Epidemiological studies of pregnancy outcomes with antidepressant use in the first trimester have found an increased risk of congenital anomalies, particularly cardiovascular abnormalities (eg, ventricular septal defects and atrial septal defects), associated with paroxetine use. The reported incidence of cardiovascular defects with paroxetine use during pregnancy is approximately 1/50, whereas the expected incidence of such defects in the general population is approximately 1/100 births. When prescribing paroxetine, alternative treatment options should be considered in women who are pregnant or planning pregnancy.

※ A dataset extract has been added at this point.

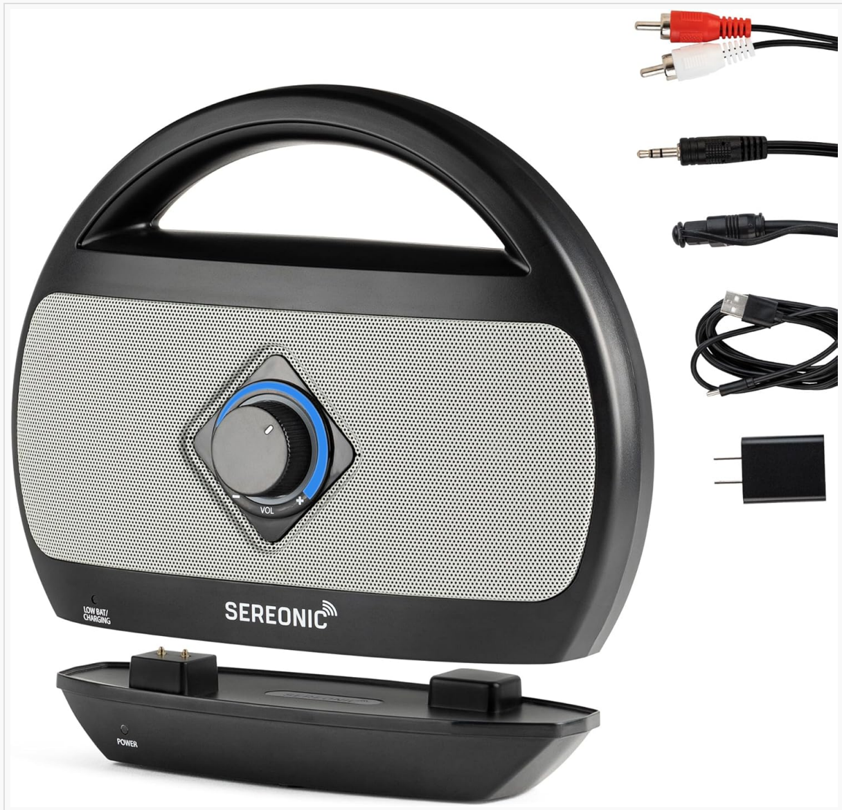
Image: The SEREONIC speaker, its charging base, and the included audio cables for TV connection.

The system is designed for plug-and-play operation, typically requiring no changes to your TV's audio settings. For HDMI connections, an external HDMI converter (sold separately) is required.

Paroxetine should only be prescribed if its potential benefit outweighs the potential risk. If a decision is made to discontinue treatment with paroxetine during pregnancy, the physician should follow the recommendations in the sections “Dosage and Administration” – “Discontinuation of Paroxetine” and “Special Instructions” – “Symptoms that may occur when stopping treatment with paroxetine in adults.”
There are reports of preterm birth in women who received paroxetine or other SSRI drugs during pregnancy, but a cause-and-effect relationship between taking these drugs and preterm birth has not been established. It is necessary to monitor the health of those newborns whose mothers took paroxetine during late pregnancy, as there are reports of complications in newborns exposed to paroxetine or other SSRI drugs in the third trimester of pregnancy. However, a cause-and-effect relationship between these complications and this drug therapy has not been confirmed. Clinical complications reported included: respiratory distress, cyanosis, apnea, seizures, temperature instability, feeding difficulties, vomiting, hypoglycemia, hypertension, hypotension, hyperreflexia, tremor, hyperexcitability syndrome, irritability, lethargy, constant crying and drowsiness. In some reports, symptoms have been described as neonatal manifestations of withdrawal syndrome. In most cases, the described complications occurred immediately after delivery or shortly thereafter (<24 hours). According to epidemiological studies, taking SSRI drugs (including paroxetine) during pregnancy, especially in later stages, is associated with an increased risk of developing persistent pulmonary hypertension in newborns.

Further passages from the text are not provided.